102-year-old NHS volunteer shortlisted for historic NHS75 Photography Competition
A shortlist of 75 NHS staff and volunteers has been announced in a photography competition to mark 75 years of the health service, with images including a portrait of Britain’s oldest volunteer – 102-year-old Beryl Carr – and a patient playing the violin during her brain surgery
The national competition, run by NHS England in partnership with Fujifilm UK, saw hundreds of the health service’s staff and volunteers from across the country enter photographs that told their unique stories of what the NHS means to them.
The 75 shortlisted photographs will be displayed at an exhibition at Fujifilm House of Photography in Covent Garden, London and open to public viewing from the 5th July 2023 – 75 years to the day from the date that the NHS was established.
The gallery captures the full breadth of compassion, resilience and world-leading expertise that is as evident in the NHS today as it was when the health service was first established on 5th July 1948.
One of the images features someone who can recall the very first day the NHS came into existence, Britain’s oldest volunteer 102-year-old Beryl Carr.
The image, by Steve Watkins at London Northwest University Healthcare NHS Trust, was taken on one of Beryl’s once-a-month volunteering shifts at the Friends Café in Ealing Hospital – a role she started as an 80-year-old in 2003 preparing food and operating the till for visitors to the café.
Among the other entries there are striking images capturing a patient playing a violin while undergoing brain surgery to ensure parts of the brain that control co-ordination were not damaged, as well as a pharmacy robot, air ambulances and those documenting the NHS’ world-leading COVID-19 vaccination efforts.
Dame Ruth May, Chief Nursing Officer for England and one of the six competition judges, said: “We were amazed at the quality of photographs submitted to the competition – it’s incredible to see the way entrants have documented life in the NHS. The compassion, the ingenuity, the camaraderie, the good times and when it gets tough – it’s all captured throughout the five categories and it’s a really fitting way to mark 75 years of the NHS.”
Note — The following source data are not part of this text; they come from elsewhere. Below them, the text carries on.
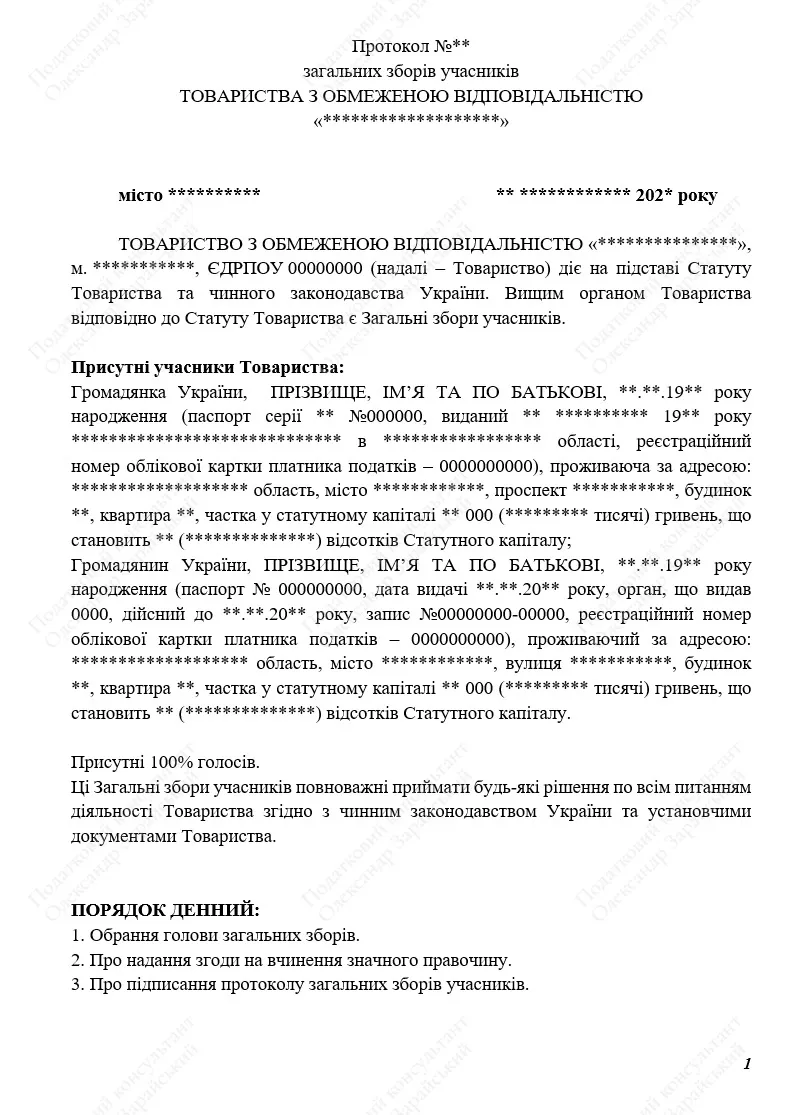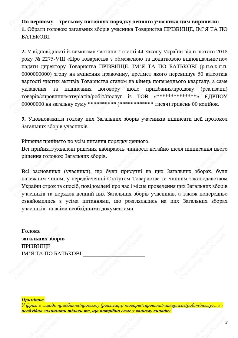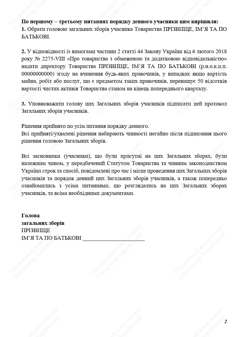 2. Рішення про надання згоди на вчинення правочину, якщо вартість майна, робіт або послуг, що є предметом такого правочину, перевищує 50 % вартості чистих активів товариства станом на кінець попереднього кварталу, приймаються виключно загальними зборами учасників.
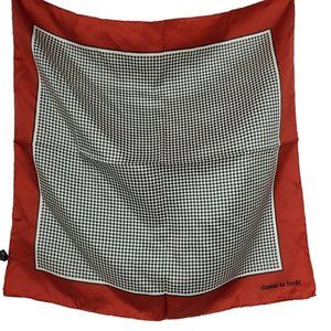 Vintage Silk Scarf Neckerchief Hunter Green Red Houndstooth Hand Rolled 19"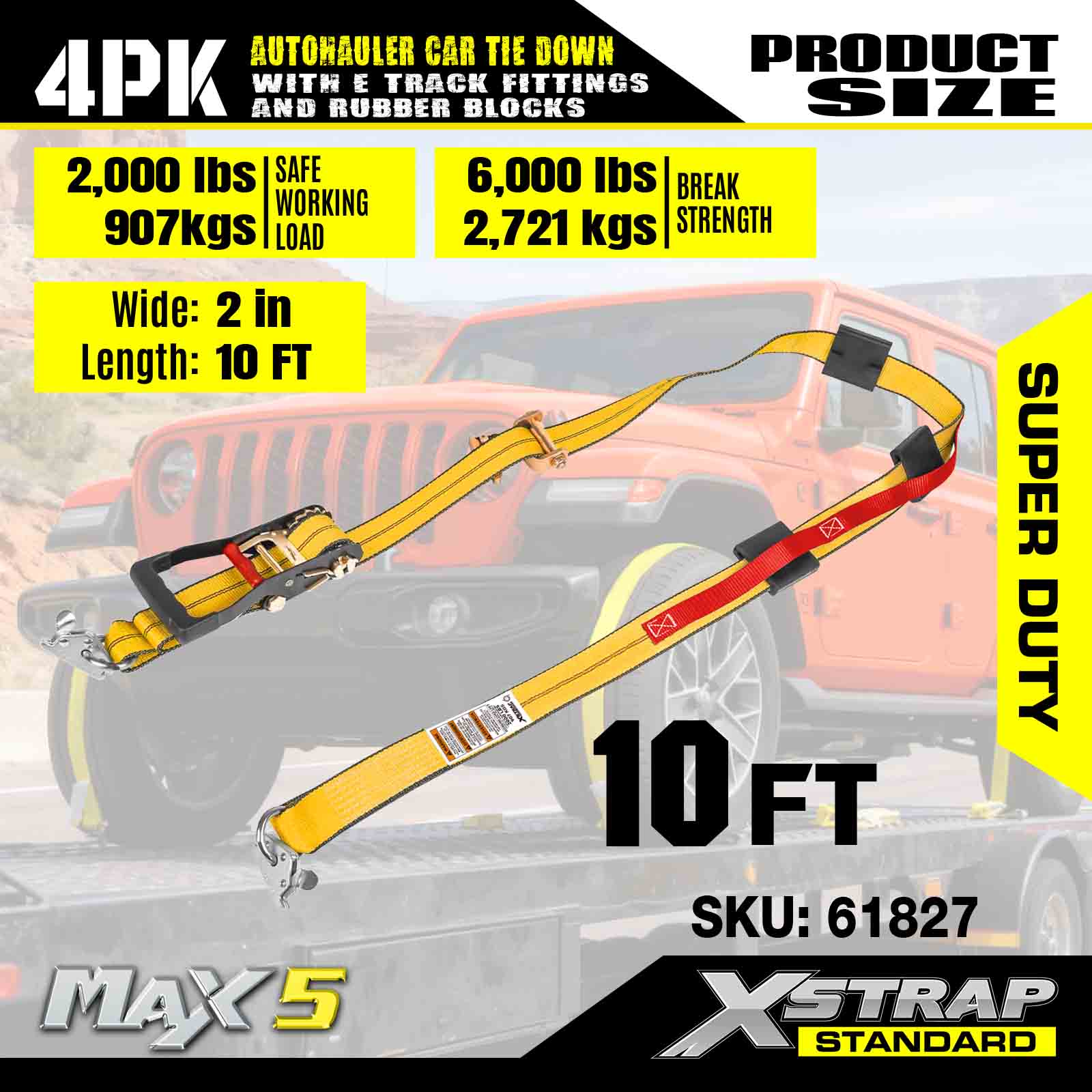 - Biztonság és sokoldalúság: 2000 font terhelési korláttal és 6000 font szakítószilárdsággal büszkélkedhet, ezek a hevederek megbízható biztonságot nyújtanak terepjárók, teherautók, ATV-k és UTV-k számára – ideálisak a masszív vontatási igényekhez.
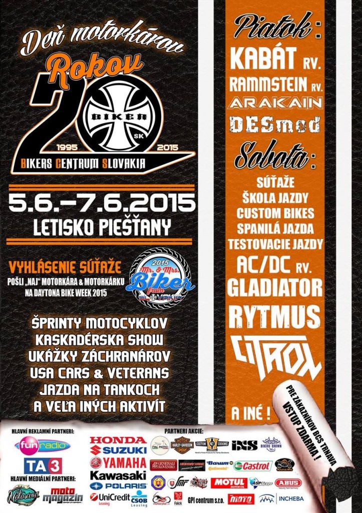 Od piatku 5. júna budú motorkárov baviť kapely ako Kabát či Rammstein revival ale i český Arakain a slovenský Desmod. V sobotu sa začínajú súťaže, škola jazdy, Custom bikers, spanilá jazda a testovacie jazdy. Okrem nich si návštevníci budú môcť pozrieť šprinty motocyklov, kaskadérsku šou či jazdu na tankoch. O hudobný doprovod sa postará AC/DC revival. Večer vyvrcholí vystúpením kapely Gladiátor a po nej príde piešťanská hviezda Rytmus.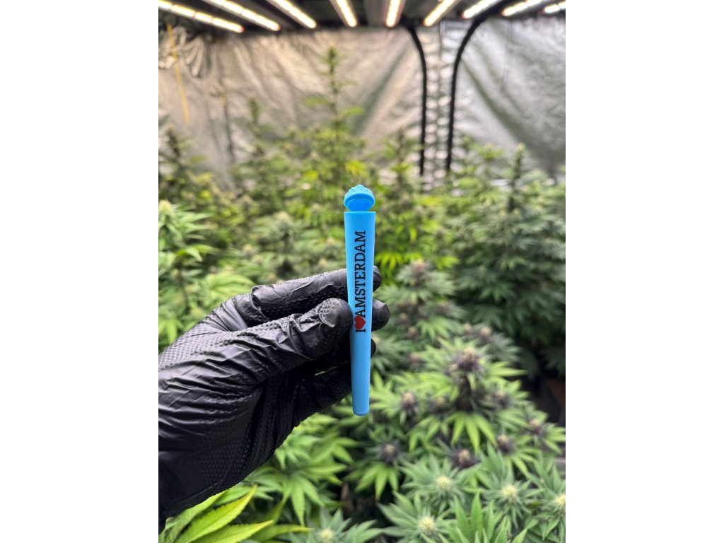 Praktický znovu uzavíratelný obal na joint v modré barvě s motivem konopí vyrobený z kvalitního tvrzeného plastu v rozměru King Size.

Joining Dame Ruth May on the judging panel were This Morning’s resident GP Dr Ellie, award-winning journalist Victoria Macdonald, eminent photographer Lewis Khan, Dr Habib Naqvi MBE and Fujifilm’s Theo Georghiades.
Each of the 75 shortlisted photographers have been invited to a special ceremony on the 4th July at the Fujifilm House of Photography to unveil all of the finalist’s photographs, with a winner for each of the competition’s five categories announced before the event.
The five winners will also have their photograph displayed at the NHS 75th anniversary service at Westminster Abbey on Wednesday 5th July.
Tom Watanabe, Managing Director for Fujifilm UK, said: “We are delighted that so many NHS staff and volunteers have had the chance to tell their stories through these powerful images,” explains “As an organisation that started in photography and has worked in healthcare for over 80 years delivering diagnostic imaging and medical devices, we were uniquely placed to work with the NHS to run this competition and are delighted to the public will be able to come to the exhibition and pay tribute to our wonderful health service.”
The five categories include:
Our People: From the nurses, doctors and other clinicians who care for us in our time of need, to the porters and cleaners who keep our hospitals moving our people are the driving force behind the NHS. This category recognises the individuals and teams that make up who the NHS is.
Our Innovations: Since 1948, the NHS has innovated and adapted to meet the needs of each successive generation, putting patients at the heart of everything it does. This category celebrates innovation across the NHS in all its forms – from cutting edge treatments to pioneering ways of delivering care.
Our Environment: The NHS has more patients sleep in our beds each night than there are hotel rooms in London. The way our buildings are designed and used provides opportunities to support better patient care and staff wellbeing. This category explores NHS grounds and buildings – indoors and out – and how individuals, teams and communities are working together to integrate sustainability into what we do.
Our Care: Kindness and compassion are at the heart of how we deliver care in the NHS. This category will capture that core value – whether that is the care we provide our patients, or to each other as colleagues.
Our Partners: Every day the NHS is witness to extraordinary teamwork – a coming together of NHS staff alongside hundreds of thousands of volunteers, partners, charities and beyond. This category is to celebrate the crucial role those partnerships play in helping us deliver the best possible care for patients.